Bercham began as a tin mining town but later evolved to its present status when the tin deposits dwindled. It covers 8,877 hectares of which 56% of the land is utilized for housing, industry and agriculture. As at 2009, the population of Bercham was 150,000  that would be about 20% of the Ipoh's population of 702,464 in the same year.

A short drive to the end of the town near to Taman Ramai, lies two unexplored tourist attractions - Gunung Bercham (Kuan Yin Hill) and a Thai Buddhist temple. The temple existed as a shed some 15 years ago and the founder is a woman called Wan Yee, the caretaker of the temple. In 1990 the cashier of the temple Ting Cheong Meng was given the authority to rebuild the place.
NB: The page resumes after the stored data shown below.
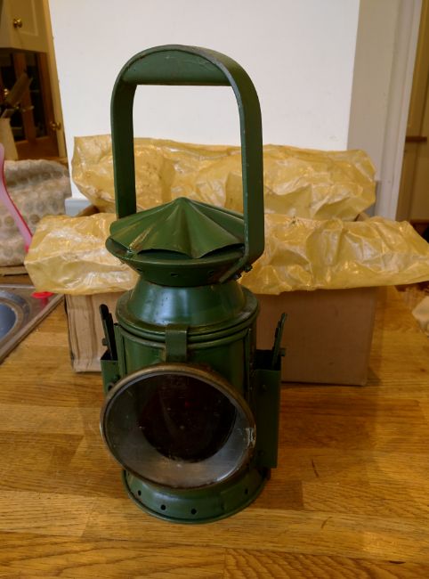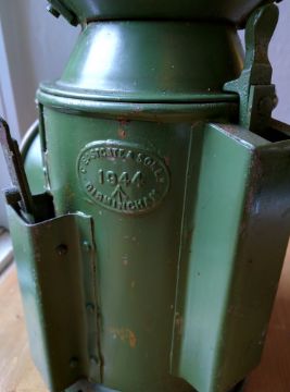 Original 1944 Railway Signal Lantern Lamp. The lamp is unused and in pristine original condition complete with original box and oil skin wrapping. Of military wartime issue, it is in khaki green and has revolving blue and red lenses around the paraffin lamp inside. The lamp bears an oval stamp within which the inscription "C EASTGATE & SON LTD 1944 BIRMINGHAM" plus the military arrow. Including handle, the circular lamp is approx 12.5" high with a diameter of 5" at its widest point
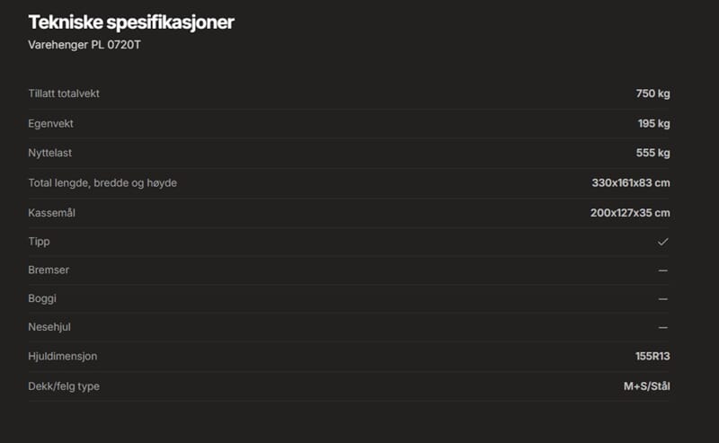 Henger leveres med forsterkede sidekarmer, forluke og bakluke. Standard med tipp for å lette påkjøring av snøfreser, gressklipper og andre hageredskaper. Standard med utvendige og innvendige surrefester. Forsterket lyspanel. Helsveiset og varmgalvanisert Hengeren kan leveres med skjermavstivere, forhøyningskarmer på 33 cm, nettingkarmer på 70 cm, glassfibertopp 60 cm og presenning. Vi har stålskjermer på alle våre hengere.
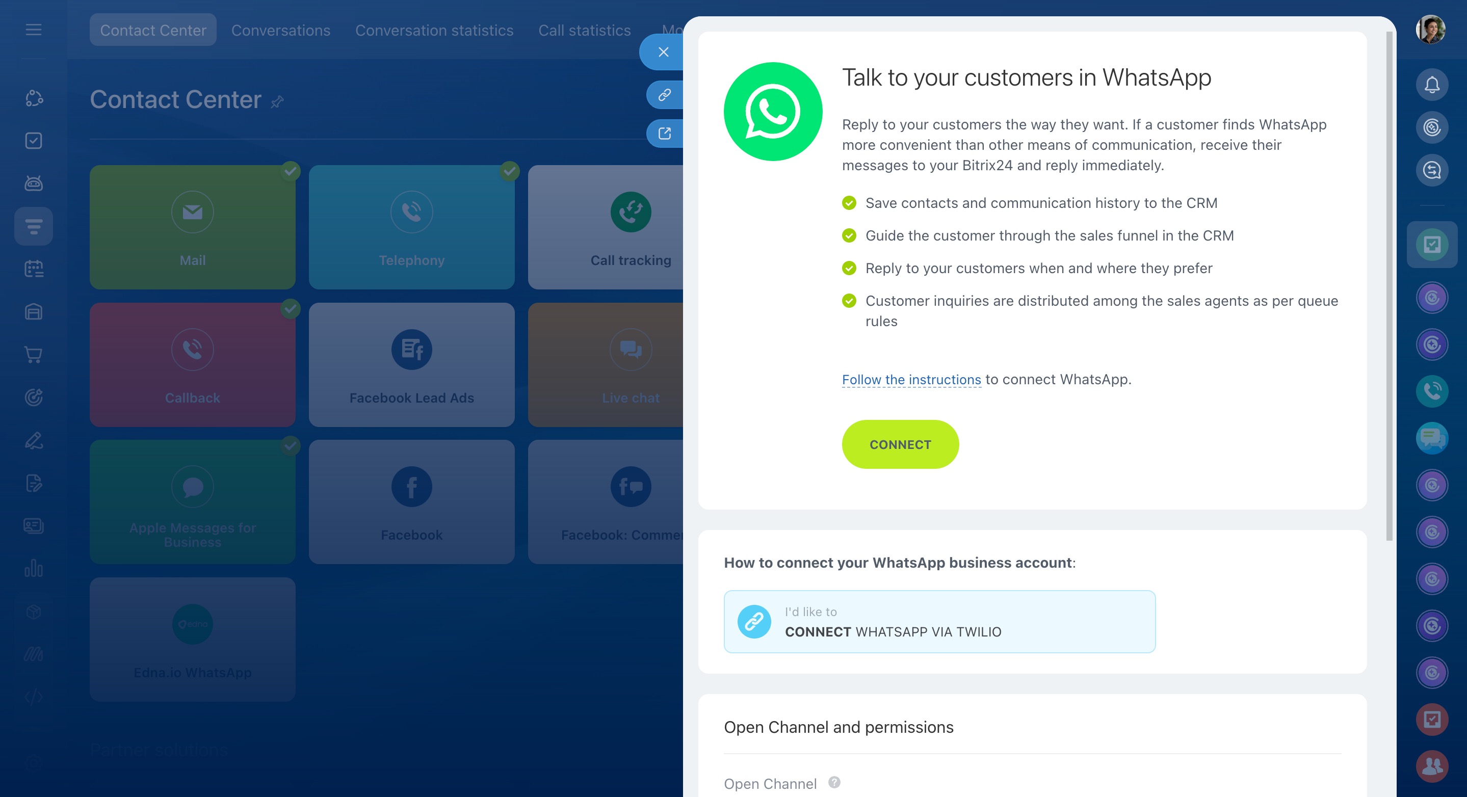 Connect WhatsApp via Twilio. Rent a dedicated number from Twilio and connect WhatsApp to Bitrix24 in a few steps.

A hill track was built on the slope of Kuan Yin Hill allowed visitors to climb up to the hill top where offers the amazing  skyline view of Bercham and Tasek.

Bercham had two other small hills, including the Gunung Tambun Tengah (at Bercham Heights) which is the largest and tallest hill in Bercham, known to host a number of interesting wildlife including the red junglefowl, dusky langur, white-rumped shama, blue rock-thrush, bat hawk, Tickell's blue flycatcher, owls, squirrels, eagles, etc. Some temples are located here, such as the Huat Tian Keong temple and the Sukhavana Meditation Monastery. Another small hill, the Gunung Temlang (located near Bandar Baru Putra) is being mined and only half of the hill is present today.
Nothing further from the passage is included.